■ **EXERCISE**: What is needed here is an exact printout of the data, with no pictures included.

■ **DATA EXTRACT**:
━━━━

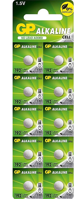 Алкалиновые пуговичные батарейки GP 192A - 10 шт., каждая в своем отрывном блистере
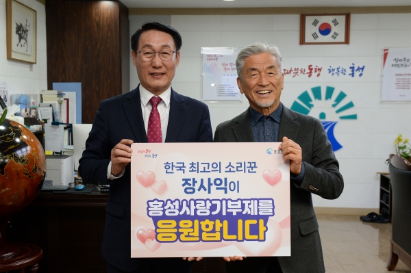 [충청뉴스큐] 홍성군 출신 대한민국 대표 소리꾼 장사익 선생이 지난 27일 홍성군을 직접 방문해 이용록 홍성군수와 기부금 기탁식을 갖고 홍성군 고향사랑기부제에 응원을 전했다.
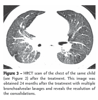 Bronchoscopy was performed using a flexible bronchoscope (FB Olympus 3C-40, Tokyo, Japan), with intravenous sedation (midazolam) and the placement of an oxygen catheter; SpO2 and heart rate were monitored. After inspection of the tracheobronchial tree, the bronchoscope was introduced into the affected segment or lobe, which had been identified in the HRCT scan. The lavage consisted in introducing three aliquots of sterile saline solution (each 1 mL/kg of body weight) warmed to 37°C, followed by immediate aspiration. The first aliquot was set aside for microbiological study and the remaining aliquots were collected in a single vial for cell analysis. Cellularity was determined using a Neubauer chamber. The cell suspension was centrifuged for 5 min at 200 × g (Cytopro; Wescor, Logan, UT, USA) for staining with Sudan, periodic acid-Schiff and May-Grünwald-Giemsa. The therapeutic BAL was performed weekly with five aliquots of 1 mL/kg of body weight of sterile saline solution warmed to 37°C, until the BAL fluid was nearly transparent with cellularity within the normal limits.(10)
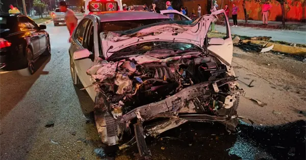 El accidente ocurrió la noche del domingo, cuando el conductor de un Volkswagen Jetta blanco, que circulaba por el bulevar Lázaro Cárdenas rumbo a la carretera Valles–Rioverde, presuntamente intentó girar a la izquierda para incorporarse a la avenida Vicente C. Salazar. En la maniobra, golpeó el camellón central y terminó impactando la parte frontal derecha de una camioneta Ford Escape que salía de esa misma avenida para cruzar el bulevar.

━━━━

■ **SOLUTION TO THIS TASK**:
 Алкалиновые пуговичные батарейки GP 192A - 10 шт., каждая в своем отрывном блистере
 [충청뉴스큐] 홍성군 출신 대한민국 대표 소리꾼 장사익 선생이 지난 27일 홍성군을 직접 방문해 이용록 홍성군수와 기부금 기탁식을 갖고 홍성군 고향사랑기부제에 응원을 전했다.
 Bronchoscopy was performed using a flexible bronchoscope (FB Olympus 3C-40, Tokyo, Japan), with intravenous sedation (midazolam) and the placement of an oxygen catheter; SpO2 and heart rate were monitored. After inspection of the tracheobronchial tree, the bronchoscope was introduced into the affected segment or lobe, which had been identified in the HRCT scan. The lavage consisted in introducing three aliquots of sterile saline solution (each 1 mL/kg of body weight) warmed to 37°C, followed by immediate aspiration. The first aliquot was set aside for microbiological study and the remaining aliquots were collected in a single vial for cell analysis. Cellularity was determined using a Neubauer chamber. The cell suspension was centrifuged for 5 min at 200 × g (Cytopro; Wescor, Logan, UT, USA) for staining with Sudan, periodic acid-Schiff and May-Grünwald-Giemsa. The therapeutic BAL was performed weekly with five aliquots of 1 mL/kg of body weight of sterile saline solution warmed to 37°C, until the BAL fluid was nearly transparent with cellularity within the normal limits.(10)
 El accidente ocurrió la noche del domingo, cuando el conductor de un Volkswagen Jetta blanco, que circulaba por el bulevar Lázaro Cárdenas rumbo a la carretera Valles–Rioverde, presuntamente intentó girar a la izquierda para incorporarse a la avenida Vicente C. Salazar. En la maniobra, golpeó el camellón central y terminó impactando la parte frontal derecha de una camioneta Ford Escape que salía de esa misma avenida para cruzar el bulevar.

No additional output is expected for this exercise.